= Terence Dickinson =

Canadian astronomer (1943–2023)

Terence Dickinson (10 November 1943 – 1 February 2023) was a Canadian amateur astronomer and astrophotographer who lived near Yarker, Ontario, Canada. He was the author of 14 astronomy books for both adults and children. He was the founder and former editor of SkyNews magazine. Dickinson had been an astronomy commentator for Discovery Channel Canada and taught at St. Lawrence College. He made appearances at such places as the Ontario Science Centre. In 1994, the International Astronomical Union committee on Minor Planet Nomenclature named asteroid 5272 Dickinson in honour of his "ability to explain the universe in everyday language".

==Biography==
Dickinson was born in Toronto, Ontario, on 10 November 1943. He became interested in astronomy at age five after seeing a bright meteor from just outside his family's home. When he was 14 he received a 60 mm telescope as a Christmas present, the first of nearly 20 telescopes he owned. Past occupations include editor of Astronomy magazine (1974-75) and planetarium instructor. He became a full-time science writer in 1976. He received the 1993 Industry Canada's Michael Smith Award for Public Promotion of Science, the 1993 Canadian Science Writers' Association Award First Place for Science and Technology writing, and the Royal Canadian Institute's Sandford Fleming Medal in 1992. In 1995 Dickinson was made a Member of the Order of Canada, which is the nation's highest civilian achievement award. The Astronomical Society of the Pacific awarded him the Klumpke-Roberts Award in 1996. He received an honorary Doctor of Science degree from Queen's University in 2019.

In 1983, Dickinson published NightWatch: A Practical Guide to Viewing the Universe. The book includes star charts, tables of future solar and lunar eclipses, planetary conjunctions, planet locations, and other illustrations. The Journal of the Royal Astronomical Society described NightWatch as the essential star-watching guide for amateur astronomers of all levels of experience.

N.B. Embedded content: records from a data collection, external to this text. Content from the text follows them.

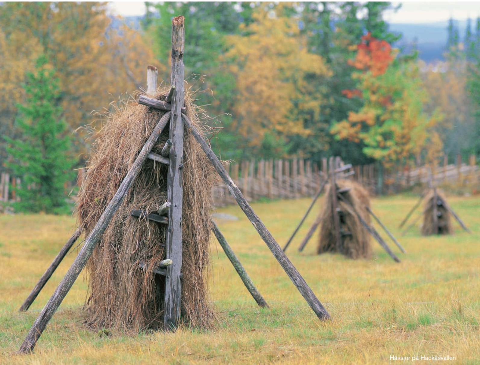
Hässjor på Hackåsvalen
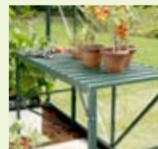
Veksthusbord m/ ekstra hylle
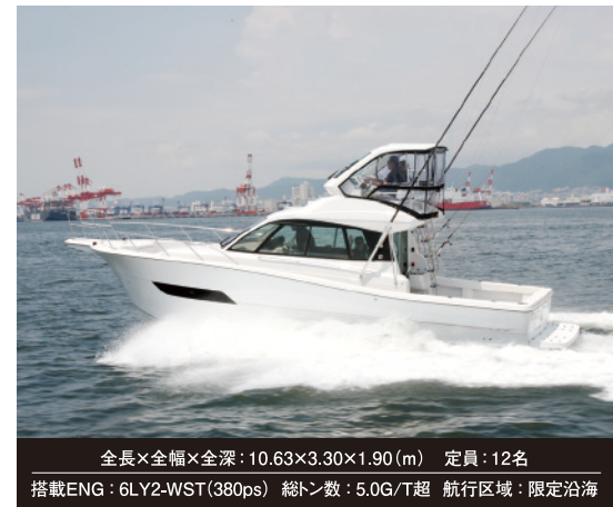
全長×全幅×全深: 10.63×3.30×1.90(m) 定員: 12名 搭載ENG: 6LY2-WST(380ps) 総トン数: 5.0G/T超 航行区域: 限定沿海

国産の33フィートモデルでは初めてのフライングブリッジモデルという事で、お問合せや見積依頼をたくさん頂いております。フライングブリッジモデルは、FB部からの爽快な景色が魅力で今までより高い位置から広がる視界が好評です! また、力強いエンジンで豪快に波を切り裂き、より遠くへ行くことも可能です。さらに、居住性のあるキャビンも人気の理由のひとつ。広いキャビンで楽しいひとときを過ごしてみませんか?
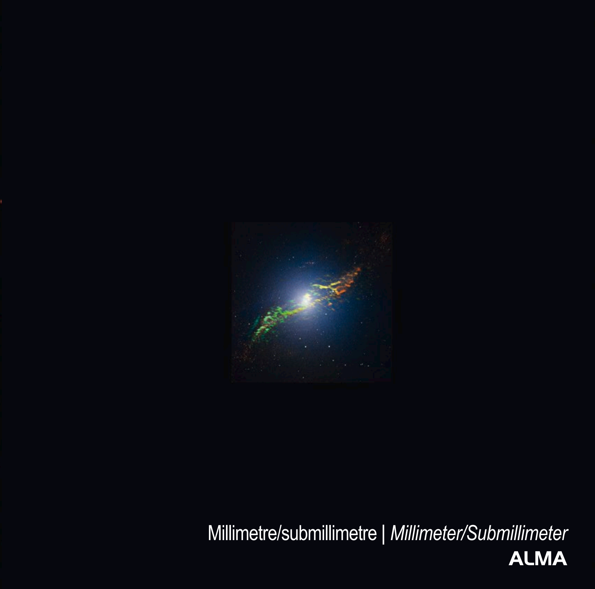
Millimetre/submillimetre | Millimeter/Submillimeter ALMA

The book has become the world's best-selling manual for amateur stargazing.

Dickinson internationally published twelve titles, primarily through Firefly Books.

Dickinson died on 1 February 2023 at the age of 79.

==Publications==
- NightWatch: A Practical Guide to Viewing the Universe (March 4, 1983)
- The Universe and Beyond (October 2, 1986)
- Exploring the Night Sky: The Equinox Astronomy Guide for Beginners (February 22, 1987)
- Exploring the Sky by Day: The Equinox Guide to Weather and the Atmosphere (September 10, 1988)
- From the Big Bang to Planet X: The 50 Most-Asked Questions About the Universe... and Their Answers (September 1, 1993; Out of Print)
- The Backyard Astronomer's Guide (January 15, 1994, with Alan Dyer)
- Extraterrestrials: A Field Guide for Earthlings (October 1, 1994; Out of Print)
- Other Worlds: A Beginner's Guide to Planets and Moons (September 5, 1995)
- Splendors of the Universe: A Practical Guide to Photographing the Night Sky (November 16, 1997, with Jack Newton)
- Summer Stargazing: A Practical Guide for Recreational Astronomers (April 2, 2005; Out of Print)
- Hubble's Universe: Greatest Discoveries and Latest Images (September 6, 2012)
- The Hubble Space Telescope: Our Eye on the Universe (September 27, 2019, with Tracy C. Read)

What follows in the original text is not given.